Source records ▸

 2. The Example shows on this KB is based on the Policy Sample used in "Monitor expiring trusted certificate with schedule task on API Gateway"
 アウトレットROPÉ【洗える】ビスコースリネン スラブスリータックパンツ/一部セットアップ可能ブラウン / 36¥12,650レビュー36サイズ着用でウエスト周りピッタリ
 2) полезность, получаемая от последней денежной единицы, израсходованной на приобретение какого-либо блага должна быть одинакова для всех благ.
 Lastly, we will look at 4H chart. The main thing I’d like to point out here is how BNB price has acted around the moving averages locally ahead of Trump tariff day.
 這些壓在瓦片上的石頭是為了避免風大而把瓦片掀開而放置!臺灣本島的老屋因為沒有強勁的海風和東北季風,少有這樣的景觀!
==
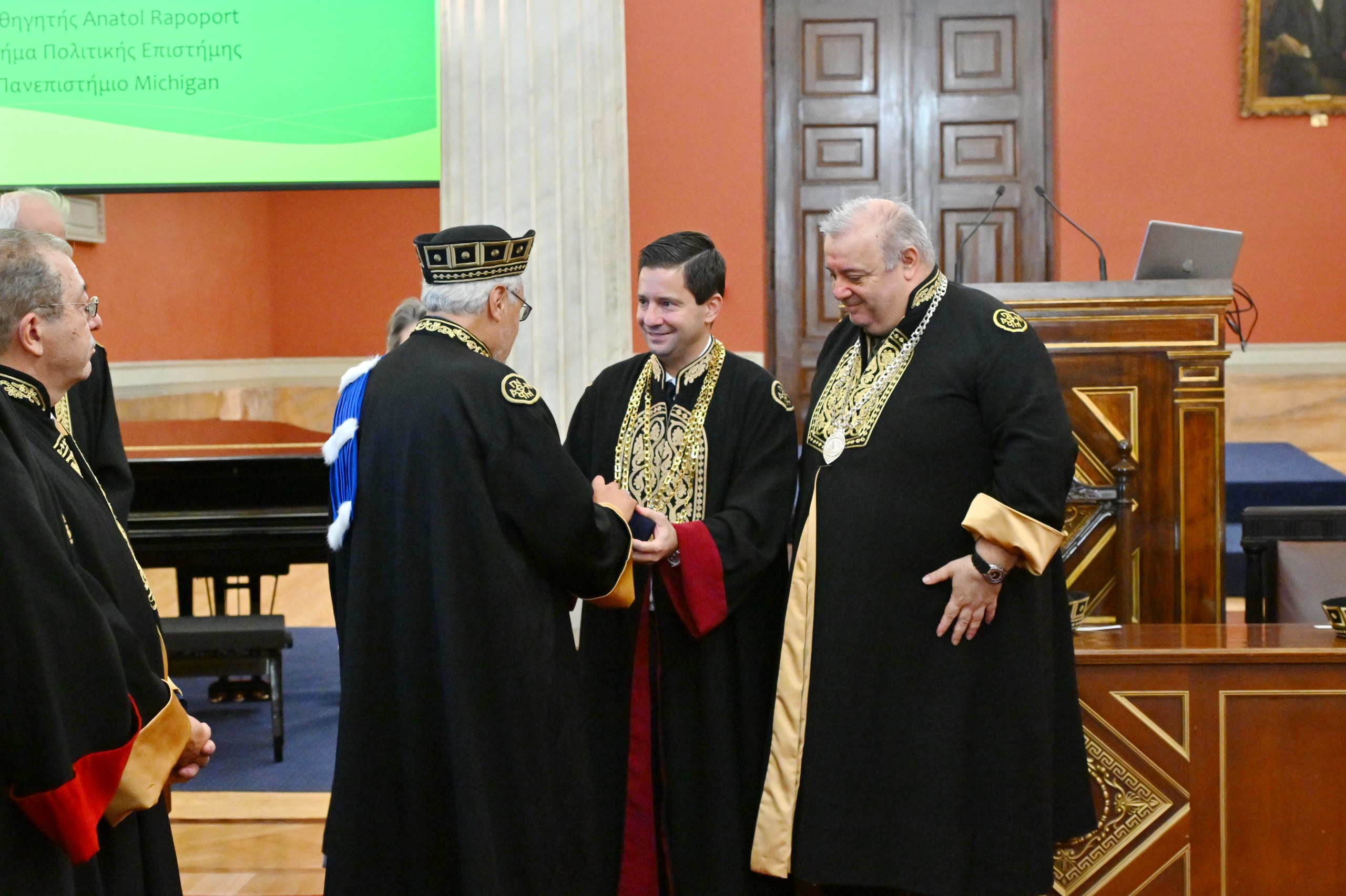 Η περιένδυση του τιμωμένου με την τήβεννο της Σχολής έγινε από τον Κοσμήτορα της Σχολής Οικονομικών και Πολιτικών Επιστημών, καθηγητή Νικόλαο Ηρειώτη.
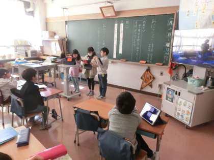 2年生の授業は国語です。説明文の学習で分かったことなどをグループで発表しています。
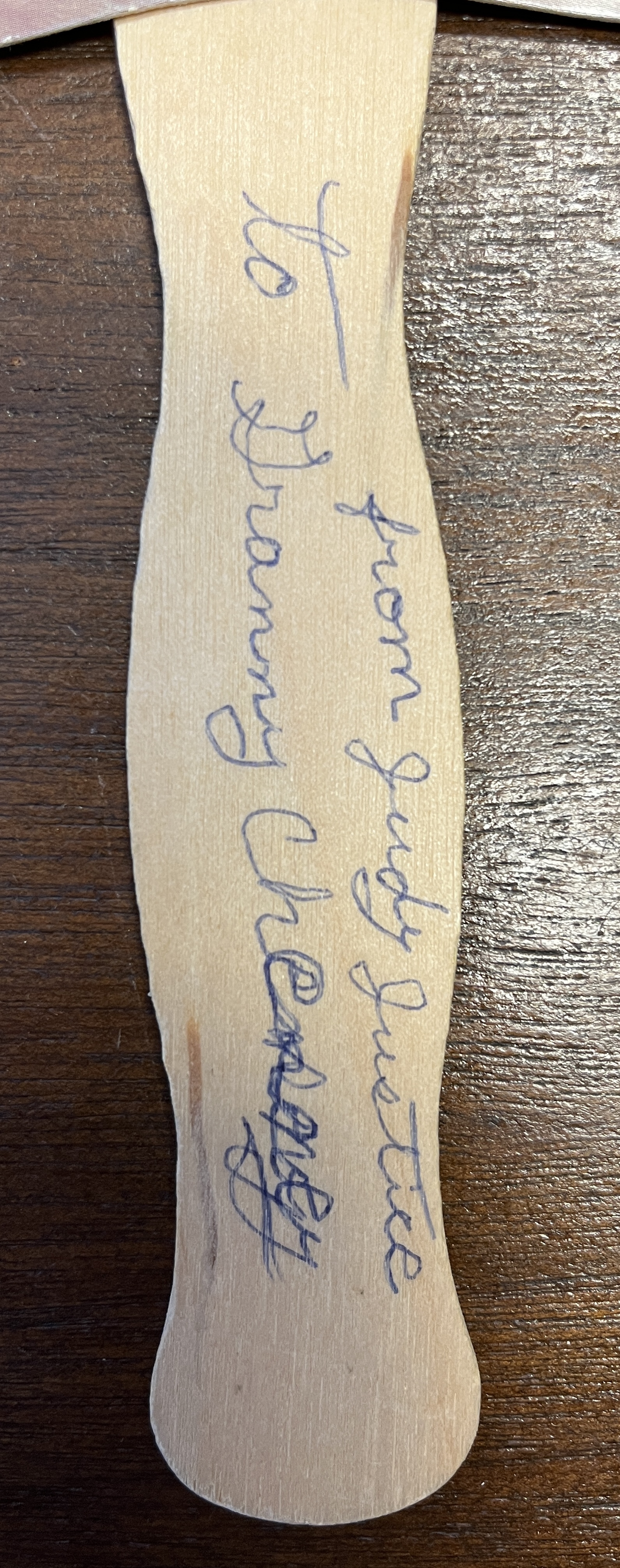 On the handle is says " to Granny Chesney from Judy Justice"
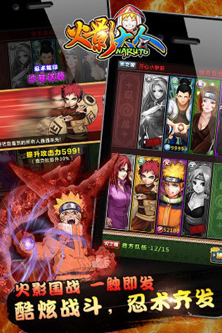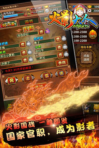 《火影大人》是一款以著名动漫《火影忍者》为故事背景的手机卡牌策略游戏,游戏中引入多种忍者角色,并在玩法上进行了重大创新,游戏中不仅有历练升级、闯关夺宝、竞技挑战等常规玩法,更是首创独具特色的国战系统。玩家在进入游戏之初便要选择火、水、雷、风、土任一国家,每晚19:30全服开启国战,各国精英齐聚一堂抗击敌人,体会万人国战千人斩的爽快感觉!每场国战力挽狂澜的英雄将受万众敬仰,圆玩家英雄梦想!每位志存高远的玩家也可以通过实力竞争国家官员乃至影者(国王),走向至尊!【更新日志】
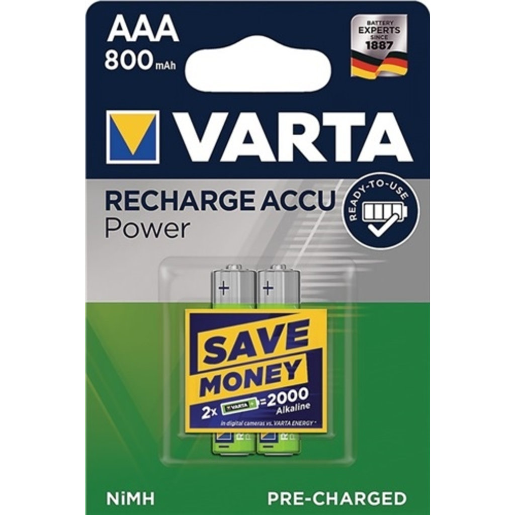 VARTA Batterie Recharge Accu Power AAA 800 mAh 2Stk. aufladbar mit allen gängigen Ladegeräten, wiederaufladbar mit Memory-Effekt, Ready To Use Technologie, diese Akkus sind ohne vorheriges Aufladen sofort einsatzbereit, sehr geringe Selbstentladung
...
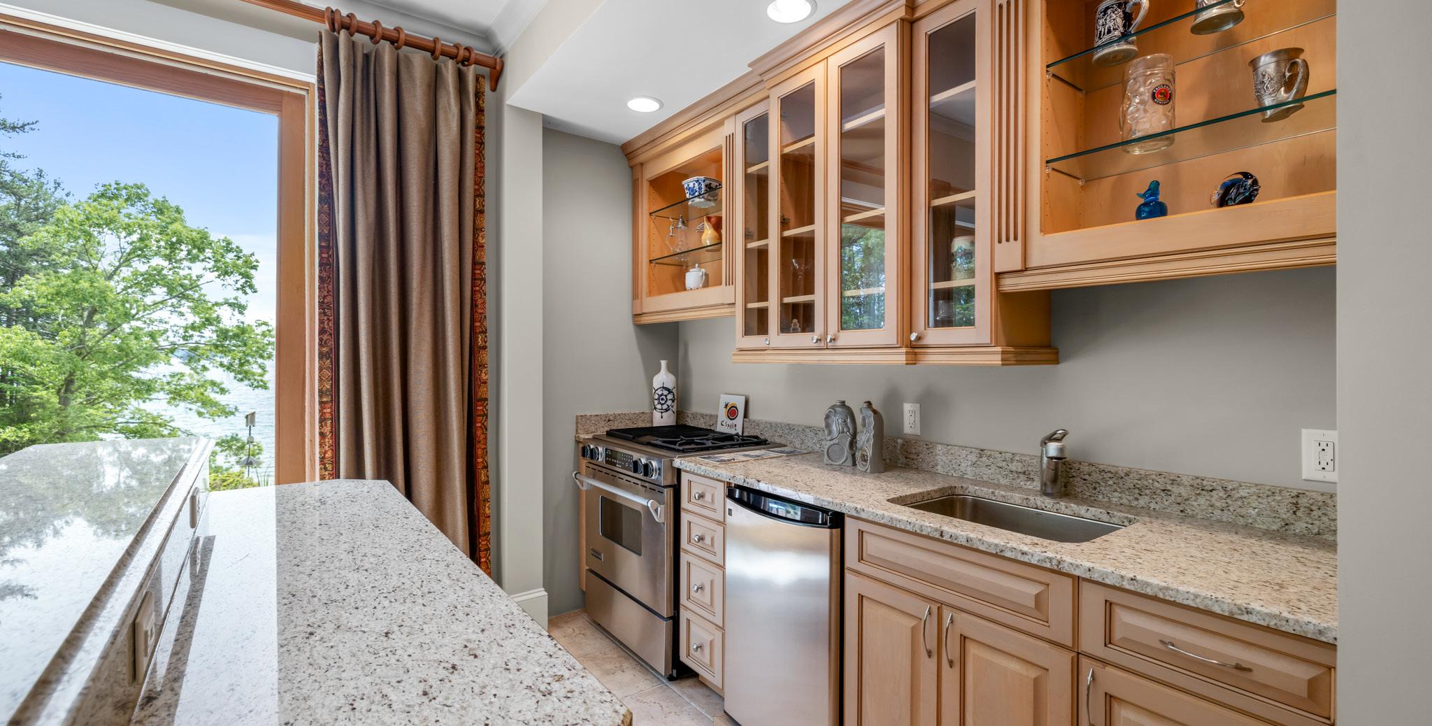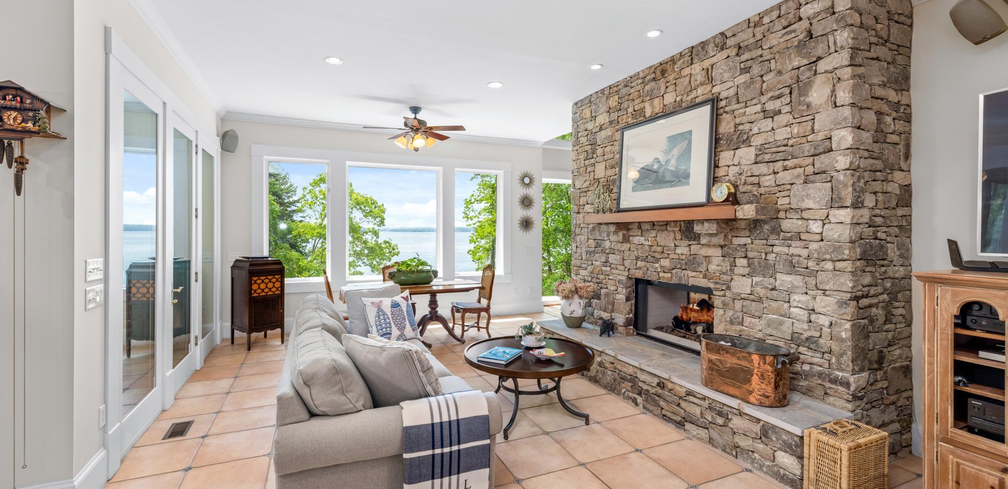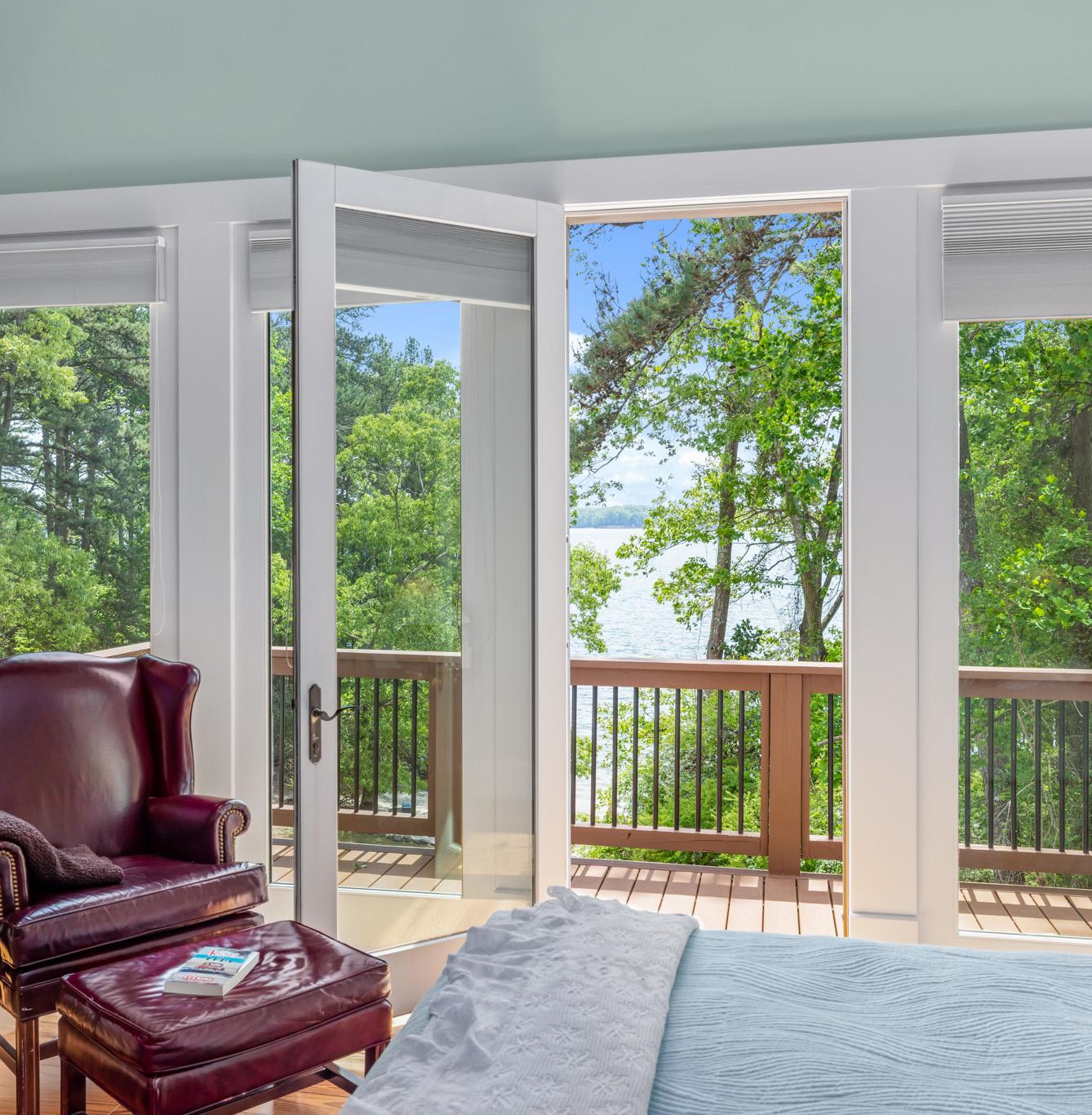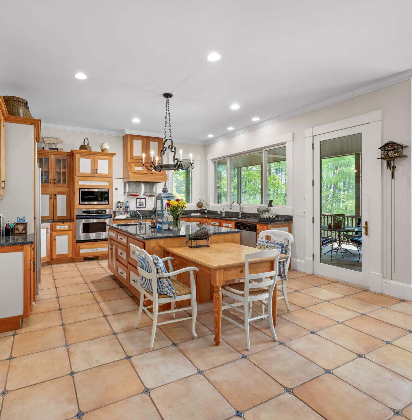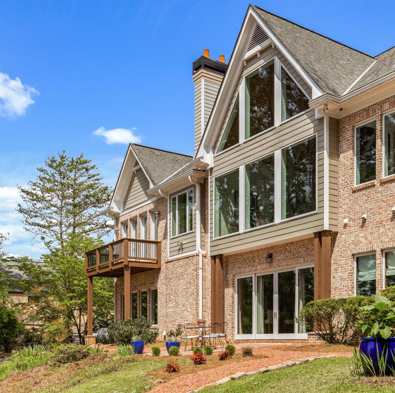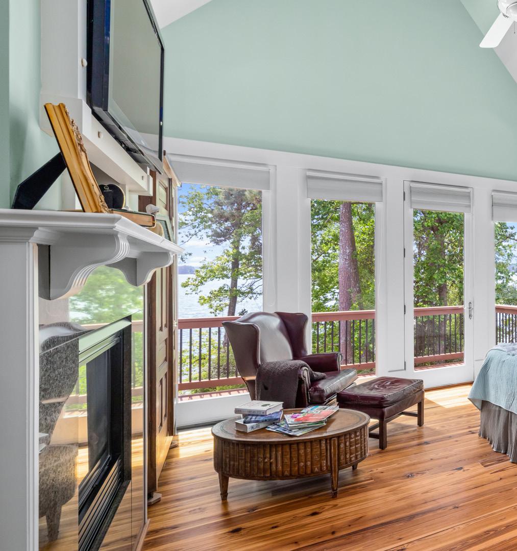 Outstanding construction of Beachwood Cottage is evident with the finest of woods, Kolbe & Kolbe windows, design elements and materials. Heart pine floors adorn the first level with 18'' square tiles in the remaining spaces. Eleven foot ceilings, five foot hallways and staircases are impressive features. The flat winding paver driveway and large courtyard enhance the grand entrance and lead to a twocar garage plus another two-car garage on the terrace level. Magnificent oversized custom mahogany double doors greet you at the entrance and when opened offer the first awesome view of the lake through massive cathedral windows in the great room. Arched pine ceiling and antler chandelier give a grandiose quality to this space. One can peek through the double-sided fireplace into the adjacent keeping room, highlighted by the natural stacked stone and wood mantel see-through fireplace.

Prompt ▸ Could you transcribe the entries above word for word, from the line with "2. The Example" down to the line with "アウトレットROPÉ【洗える】ビスコースリネン スラブスリータックパンツ/一部セットアップ可能ブラウン /", keeping both?

Expected output ▸
 2. The Example shows on this KB is based on the Policy Sample used in "Monitor expiring trusted certificate with schedule task on API Gateway"
 アウトレットROPÉ【洗える】ビスコースリネン スラブスリータックパンツ/一部セットアップ可能ブラウン / 36¥12,650レビュー36サイズ着用でウエスト周りピッタリ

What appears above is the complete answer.